**Data records**
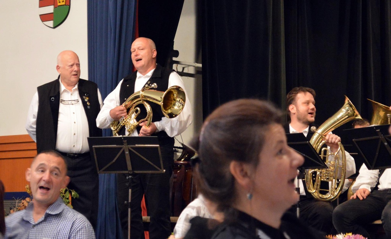 Nach Beendigung des offiziellen Teils wurde ein leckeres Abendessen serviert und das Publikum wurde von der Familienmusik Kaposi/Freude Kapelle zum Tanz gebeten. Was natürlich sehr gerne angenommen wurde. Auch die Bauernhubers wurden noch einmal tätig – im Solo, aber auch innerhalb der Freude Kapelle. Und sogar ein im Publikum anwesender Kapellmeister aus Werischwar (Johann Feldhoffer) griff zur Trompete uns spielte fleißig mit.
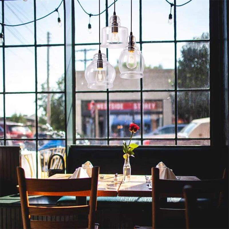 The cluster pendant light with blown clear glass shade, provide a timeless vintage touch and a clean modern aesthetic for your space(NOTE: Glass is fragile, If it is damaged during transportation, please contact us for a replacement).
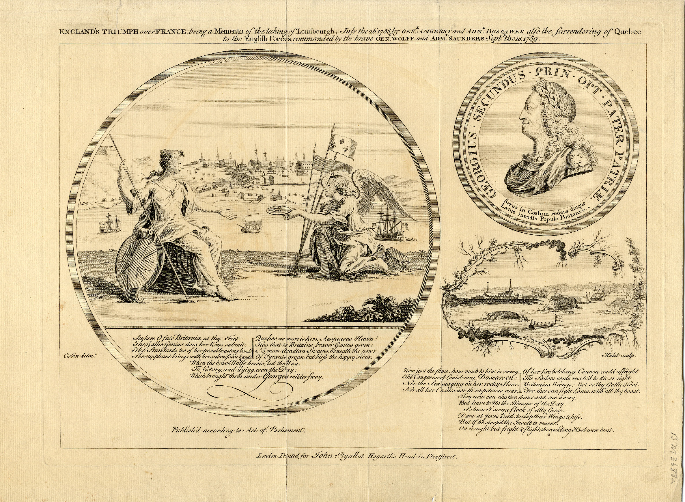 ENGLAND'S TRIUMPH over FRANCE, being a Memento of the taking of Louisbourgh, July the 26. 1758. by GEN.L AMHERST and ADM.L BOSCAWEN also the Surrendering of Quebec ....
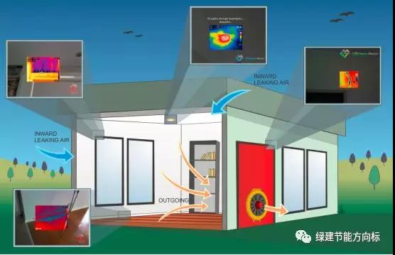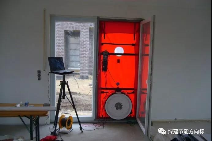 國外對于綠色建筑(DGNB)認(rèn)證和被動房認(rèn)證都是有一個建筑整體氣密性檢測來驗收房子,如下圖所示:
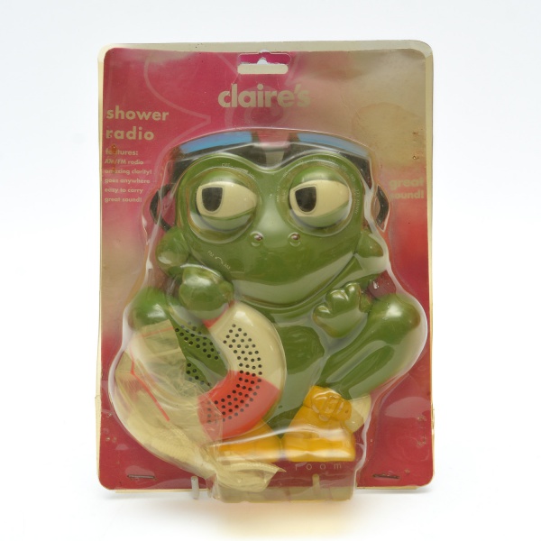 • Vintage - Antigo rádio de banheiro com representação de sapo salva vidas em plastico rígido. Acompanha embalagem original e duas ventosas. Sem marcas de uso, funcionando, sem garantias futuras.  17x17x5 cm.
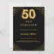 A classic black background, decorated with golden corners. Personalize and add a name and party details. 50 with a balloon style font.
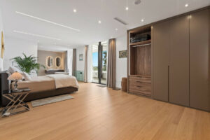La propiedad cuenta con una superficie construida total de 980 m², además de 152 m² de terrazas. Su orientación suroeste permite la entrada de luz natural durante todo el día y ofrece vistas abiertas al campo de golf, a los jardines y al mar y las montañas. La villa dispone de cinco dormitorios de buenas proporciones y siete cuartos de baño, todos ellos con un alto nivel de calidad.
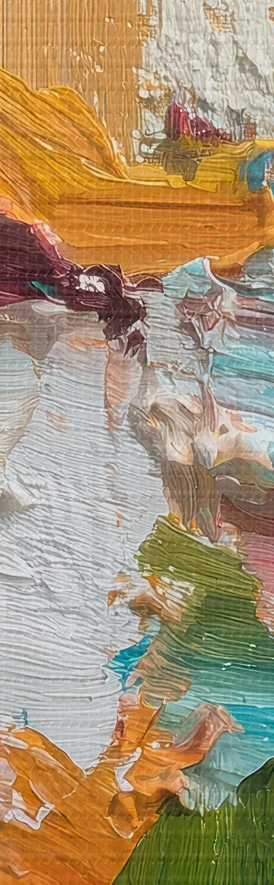 Het schilderij kan direct na ontvangst worden opgehangen. Het schilderij wordt opgespannen op een 2 cm breed houten spieraam.

**Aim of the exercise**
Whenever a picture appears, leave it out, and return every record exactly.

**Your response**
 Nach Beendigung des offiziellen Teils wurde ein leckeres Abendessen serviert und das Publikum wurde von der Familienmusik Kaposi/Freude Kapelle zum Tanz gebeten. Was natürlich sehr gerne angenommen wurde. Auch die Bauernhubers wurden noch einmal tätig – im Solo, aber auch innerhalb der Freude Kapelle. Und sogar ein im Publikum anwesender Kapellmeister aus Werischwar (Johann Feldhoffer) griff zur Trompete uns spielte fleißig mit.
 The cluster pendant light with blown clear glass shade, provide a timeless vintage touch and a clean modern aesthetic for your space(NOTE: Glass is fragile, If it is damaged during transportation, please contact us for a replacement).
 ENGLAND'S TRIUMPH over FRANCE, being a Memento of the taking of Louisbourgh, July the 26. 1758. by GEN.L AMHERST and ADM.L BOSCAWEN also the Surrendering of Quebec ....
 國外對于綠色建筑(DGNB)認(rèn)證和被動房認(rèn)證都是有一個建筑整體氣密性檢測來驗收房子,如下圖所示:
 • Vintage - Antigo rádio de banheiro com representação de sapo salva vidas em plastico rígido. Acompanha embalagem original e duas ventosas. Sem marcas de uso, funcionando, sem garantias futuras.  17x17x5 cm.
 A classic black background, decorated with golden corners. Personalize and add a name and party details. 50 with a balloon style font.
La propiedad cuenta con una superficie construida total de 980 m², además de 152 m² de terrazas. Su orientación suroeste permite la entrada de luz natural durante todo el día y ofrece vistas abiertas al campo de golf, a los jardines y al mar y las montañas. La villa dispone de cinco dormitorios de buenas proporciones y siete cuartos de baño, todos ellos con un alto nivel de calidad.
 Het schilderij kan direct na ontvangst worden opgehangen. Het schilderij wordt opgespannen op een 2 cm breed houten spieraam.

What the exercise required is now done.